About this exercise:
Please give back, exactly as written, the lines from the line with "This is a pattern" to the line with "проблему захваченных пальцев" in the listing below, leaving out all pictures.

Exercise materials:
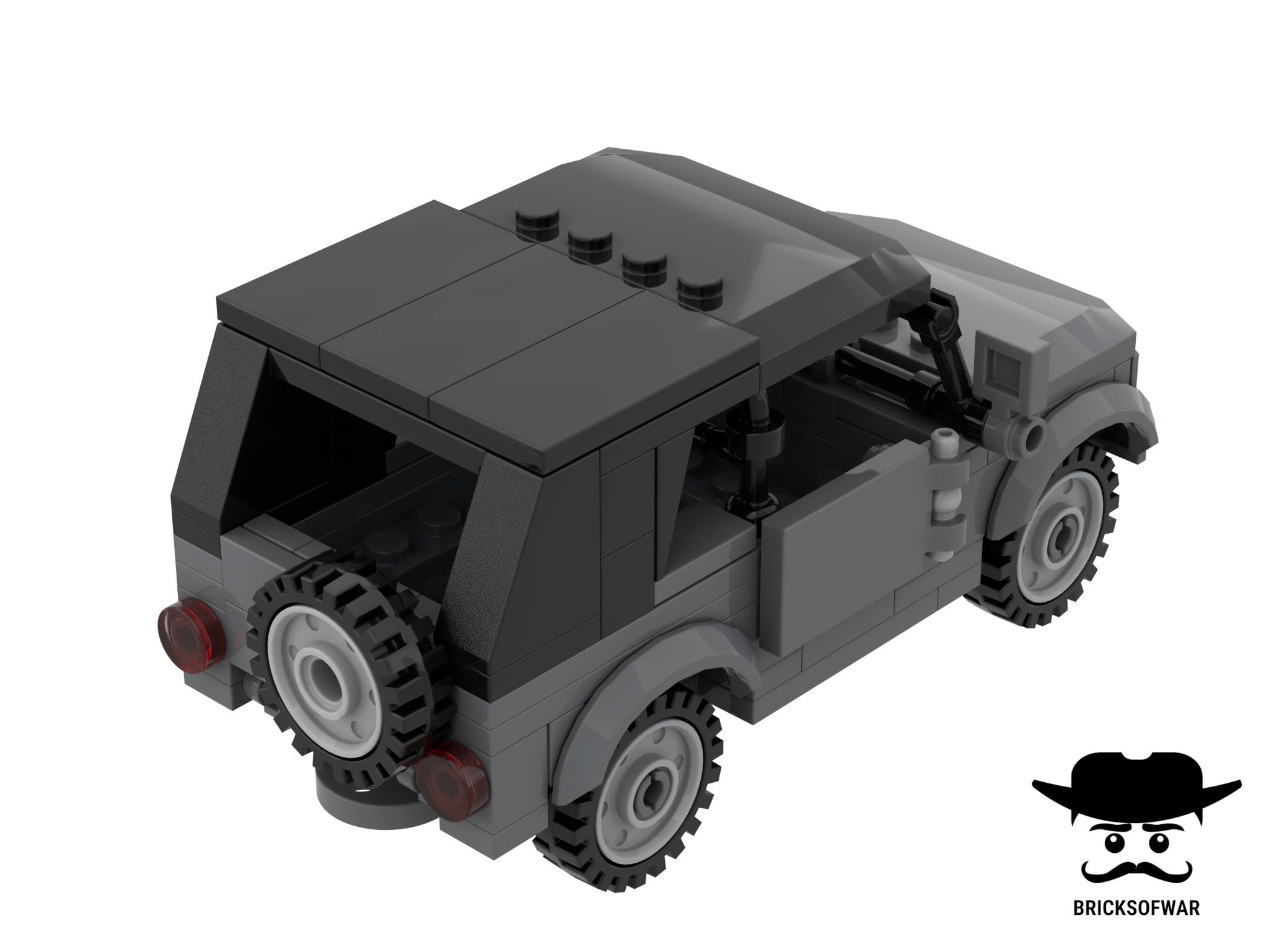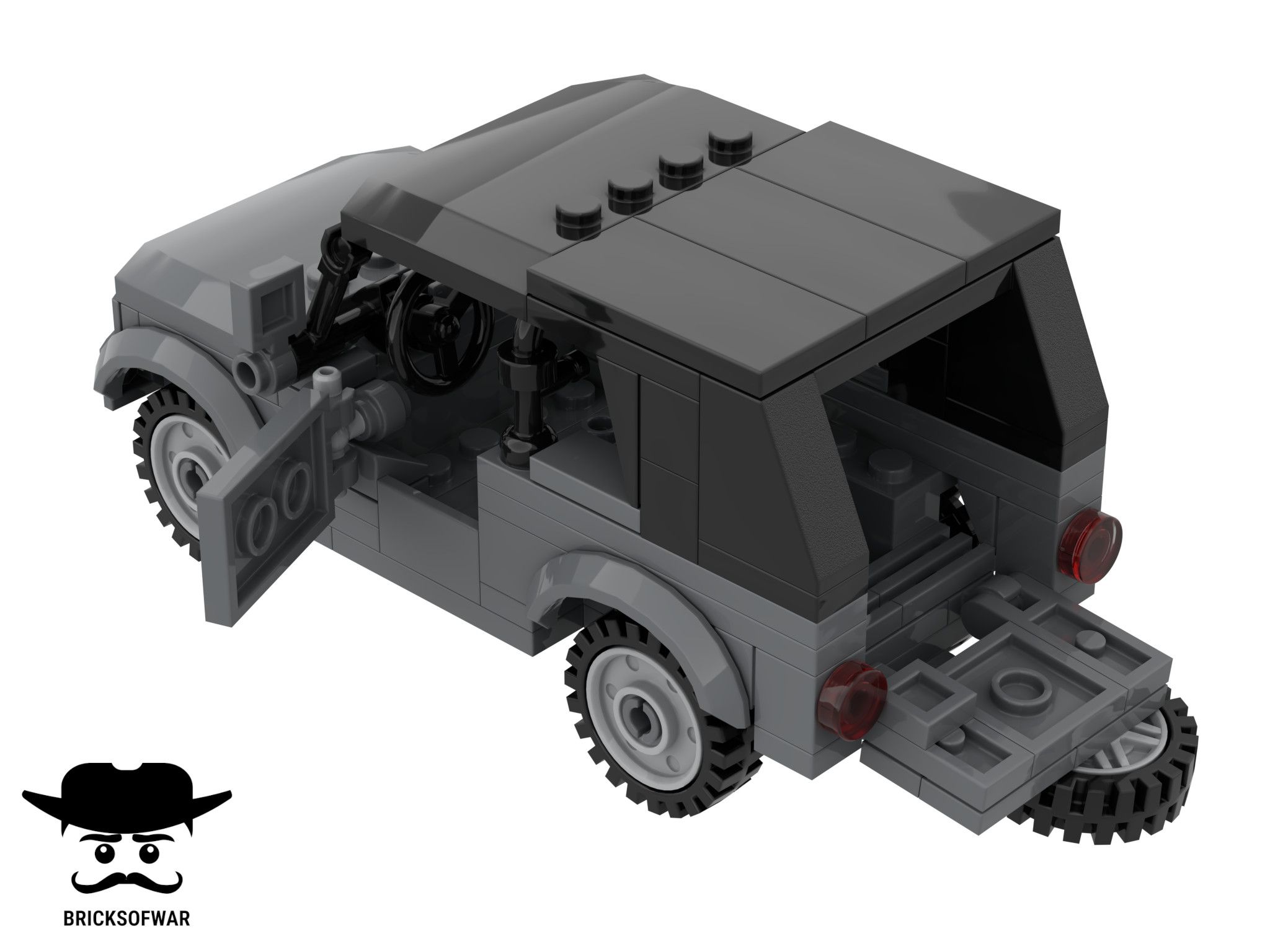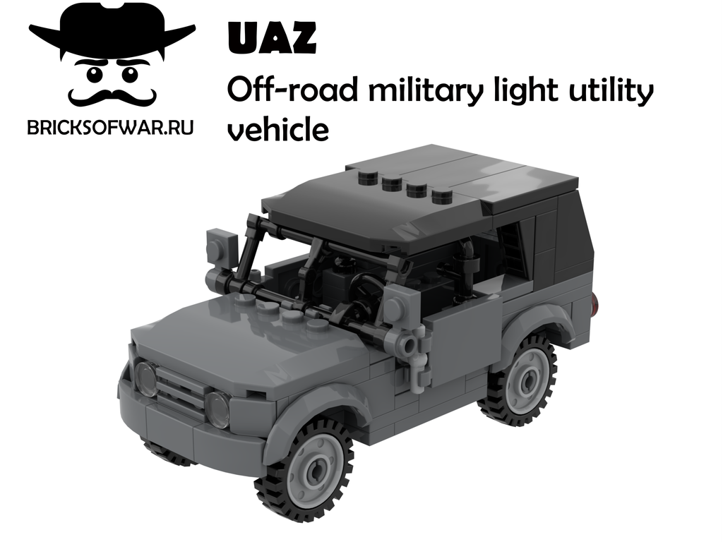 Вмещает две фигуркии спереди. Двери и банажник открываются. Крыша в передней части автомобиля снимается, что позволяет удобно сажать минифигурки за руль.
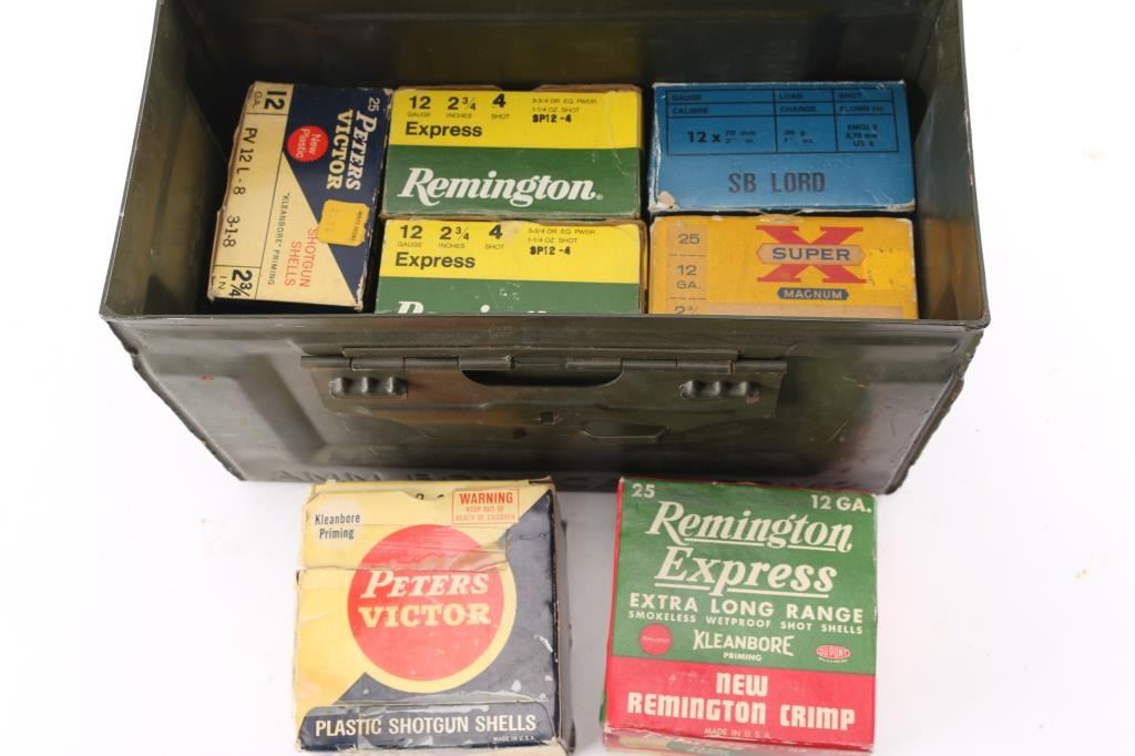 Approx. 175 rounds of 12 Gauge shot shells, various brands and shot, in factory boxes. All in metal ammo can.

--

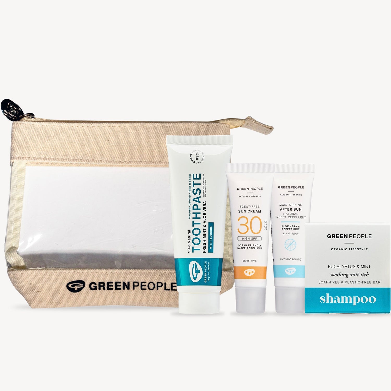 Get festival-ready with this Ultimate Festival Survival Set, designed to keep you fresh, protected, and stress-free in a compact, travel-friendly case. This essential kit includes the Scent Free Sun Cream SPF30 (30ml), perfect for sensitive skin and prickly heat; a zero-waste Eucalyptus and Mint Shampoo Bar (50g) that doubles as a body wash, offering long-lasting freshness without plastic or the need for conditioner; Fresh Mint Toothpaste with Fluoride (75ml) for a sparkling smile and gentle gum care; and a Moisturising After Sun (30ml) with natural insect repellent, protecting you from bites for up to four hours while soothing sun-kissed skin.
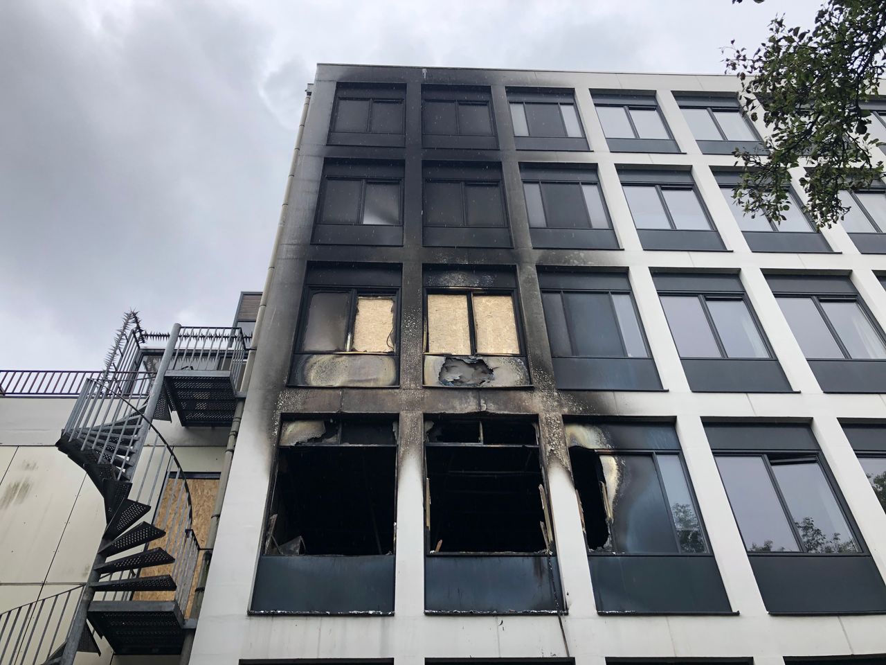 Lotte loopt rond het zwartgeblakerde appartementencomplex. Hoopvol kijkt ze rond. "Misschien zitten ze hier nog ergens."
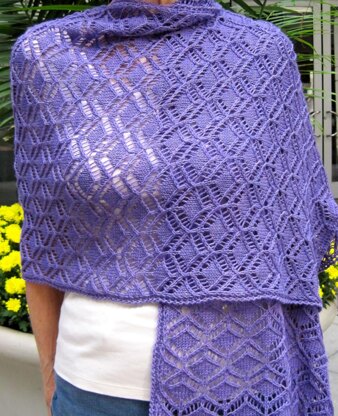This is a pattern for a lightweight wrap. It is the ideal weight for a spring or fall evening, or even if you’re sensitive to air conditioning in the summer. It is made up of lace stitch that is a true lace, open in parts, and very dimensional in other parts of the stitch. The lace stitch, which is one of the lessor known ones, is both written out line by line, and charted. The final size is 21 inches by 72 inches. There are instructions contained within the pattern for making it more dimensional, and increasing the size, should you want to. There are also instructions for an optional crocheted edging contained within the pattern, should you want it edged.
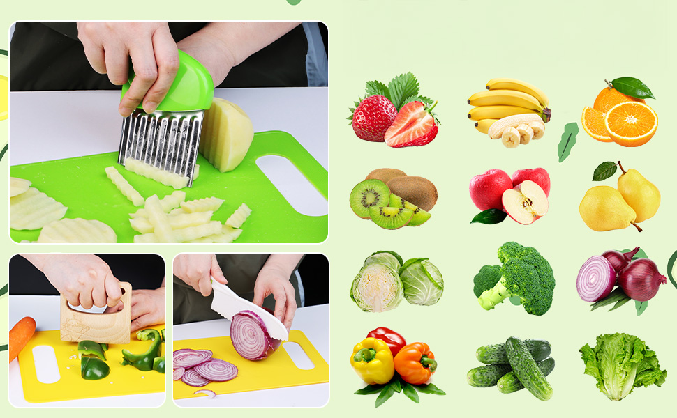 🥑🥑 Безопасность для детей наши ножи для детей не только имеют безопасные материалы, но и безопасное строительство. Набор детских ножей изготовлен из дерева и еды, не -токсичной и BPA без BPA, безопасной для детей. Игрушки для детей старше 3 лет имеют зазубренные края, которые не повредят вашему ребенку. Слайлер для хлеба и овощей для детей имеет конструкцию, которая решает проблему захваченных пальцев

Answer below:
This is a pattern for a lightweight wrap. It is the ideal weight for a spring or fall evening, or even if you’re sensitive to air conditioning in the summer. It is made up of lace stitch that is a true lace, open in parts, and very dimensional in other parts of the stitch. The lace stitch, which is one of the lessor known ones, is both written out line by line, and charted. The final size is 21 inches by 72 inches. There are instructions contained within the pattern for making it more dimensional, and increasing the size, should you want to. There are also instructions for an optional crocheted edging contained within the pattern, should you want it edged.
 🥑🥑 Безопасность для детей наши ножи для детей не только имеют безопасные материалы, но и безопасное строительство. Набор детских ножей изготовлен из дерева и еды, не -токсичной и BPA без BPA, безопасной для детей. Игрушки для детей старше 3 лет имеют зазубренные края, которые не повредят вашему ребенку. Слайлер для хлеба и овощей для детей имеет конструкцию, которая решает проблему захваченных пальцев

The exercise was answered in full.